The major players in the startup ecosystem say they’re on track to get there. “The progress has actually been faster than Moore’s law,” Ally Yost, senior vice president of corporate development at CFS, told me, “but people weren't looking at that.”
Moore’s law is a prediction — largely validated for decades — that the number of transistors on a microchip, and thus a computer’s processing speed, would generally double every two years. The performance of fusion reactors, especially the donut-shaped tokamak reactors that CFS uses, has historically improved at an even faster rate. But due to some midcentury researchers and technology enthusiasts overpromising on the near-term feasibility of fusion, cynicism remains. It also doesn’t help that the large, intergovernmental fusion megaproject known as ITER has consistently faced delays and huge cost overruns due to the technical complexity of the project, as well as the difficulty of wrangling 35 countries to work together.
Thus far, though, the private sector is faring better. CFS has raised over $2 billion, more than any other private company in the space. It uses an approach known as magnetic confinement fusion, which involves using strong magnets to confine fusion fuel in the form of a plasma. If you can keep the plasma dense enough and hot enough for long enough, atoms start fusing together, releasing a vast amount of energy in the process. ITER, as well as startups including Type One Energy, Thea Energy, and Renaissance Fusion are pursuing the same fundamental route, though with their own technical twists.
Lawrence Livermore, on the other hand, achieved its breakthrough fusion reaction (which it’s since repeated several times) using an approach known as inertial confinement, in which powerful lasers fire at a pellet of fusion fuel, causing rapid compression and heating that leads to nuclear fusion. But the national lab is not aiming to create a commercial reactor. So when the founders of the startup Xcimer Energy saw that the National Ignition Facility was closing in on its goal, they jumped to get inertial confinement tech ready for market.
“In August of 2021, NIF achieved a fusion gain of about 0.6,” Xcimer’s President and CTO, Alexander Valys, told me, referring to the ratio of the energy generated by the fusion reaction to the energy required to heat the fusion plasma.
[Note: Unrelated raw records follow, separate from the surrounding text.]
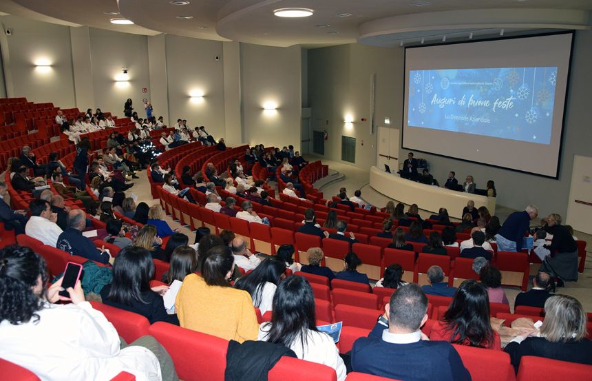 Un’intensa mattinata all’Azienda ospedaliero-universitaria Senese, in occasione degli auguri di Natale organizzati dalla direzione aziendale. L’evento si è aperto con il saluto al personale che è andato in quiescenza nel 2024, con un omaggio da parte dell’Aou Senese ed i commossi ricordi dei tanti anni passati all’interno dell’ospedale da parte dei dipendenti che hanno raggiunto la pensione in questo anno solare. Successivamente tutto il personale dell’Aou Senese si è ritrovato nell’aula Magna del centro didattico per scambiarsi gli auguri. Il saluto iniziale è stato a cura del rettore dell’Università di Siena, Roberto Di Pietra, seguito dal professor Antonio Barretta, direttore generale dell’Aou Senese.
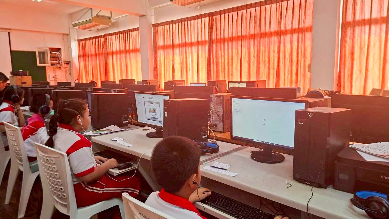 บรรยากาศการสอบวัดระดับภาษาอังกฤษตามกรอบมาตรฐานยุโรป (CEFR) ของนักเรียนระดับชั้น ป.1 - ม.3 ประจำปีการศึกษา 2568
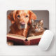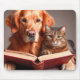 Cat and dog reading a book mouse pad
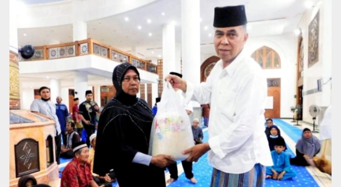 Bupati Natuna Wan Siswandi, saat menyalurkan Infak Beras dari ASN untuk Masyarakat Natuna.
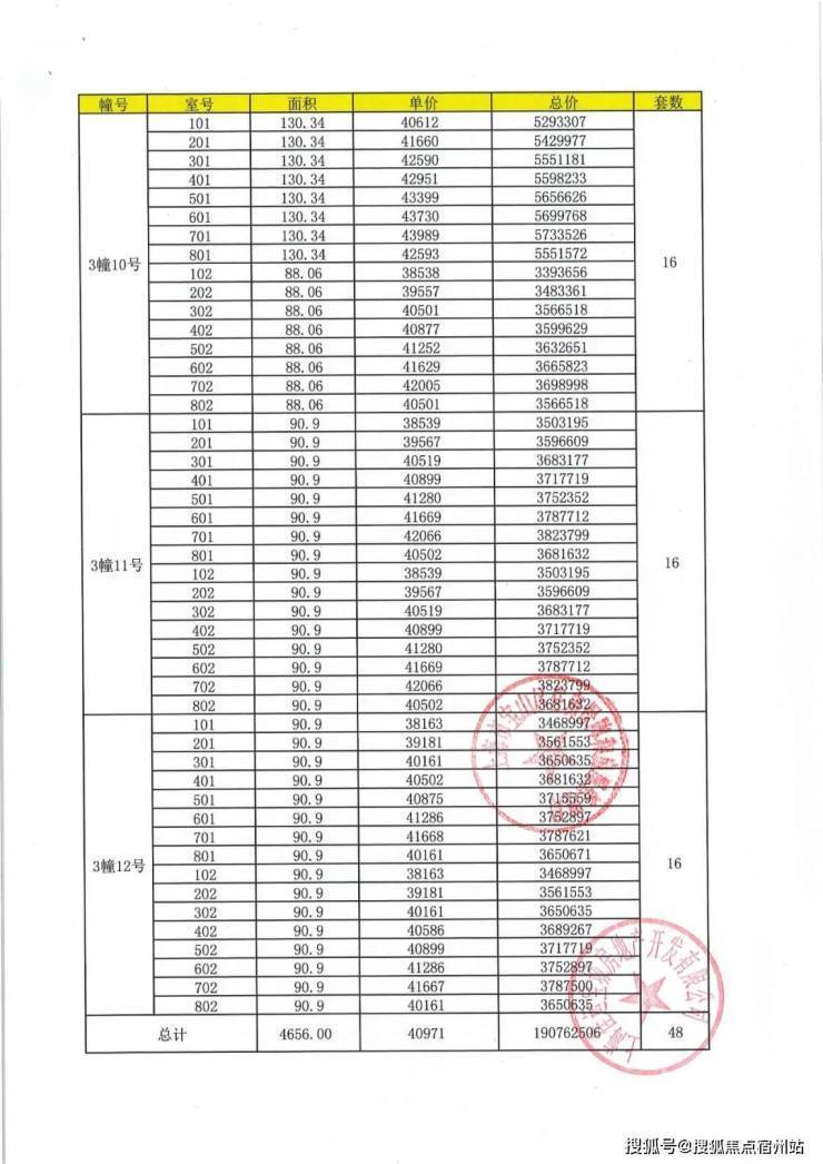 项目一房一价表

An energy gain of one constitutes breakeven, so the moment didn’t get any mainstream press to speak of. “But inside the field, everyone knew that the previous NIF shot record was effectively a gain of like 0.01,” Valys said. The massive jump indicated to him that, “If we’re going to do this, we have to do it now.” Since then Xcimer has gotten backing from the biggest names in the space, including BEV, Lowercarbon Capital, and Emerson Collective, as it looks to build lasers at lower cost and higher power.
One thing that ties fusion’s various technical approaches together is the fact that they’ve all benefited tremendously from advances in supercomputing, which allows researchers to better model plasma physics and rapidly simulate fusion experiments. “It’s really taken the advent of modern computational methods and supercomputers to be able to model that process with sufficient accuracy, that you can actually develop a machine that recreates those conditions,” Christofer Mowry, CEO of the magnetic confinement startup Type One Energy, told me.
At this point, many leading companies say that the problem is no longer about basic science, but cost. Clea Kolster, head of science at Lowercarbon Capital, told me that once CFS turns on its demonstration reactor, the company knows its fusion gain will be “at least greater than two.” (Lowercarbon is a CFS investor.) That said, there’s still loads of uncertainty around the reactor’s performance, as outside studies project that its energy gain will be more like 11 — although even that might not be enough for it to make economic sense.
So while the economics of fusion are a large part of what venture capitalists are betting on these days, private investment in the industry has actually fallen over the past two years, after peaking in 2022 at $2.8 billion. “A step change in growth will be required once private companies deliver results on their prototype machines,” Andrew Holland, CEO of the Fusion Industry Association, said in a statement, adding that last year’s $900 million in funding “will not be enough to deliver fusion’s ambitious goals.”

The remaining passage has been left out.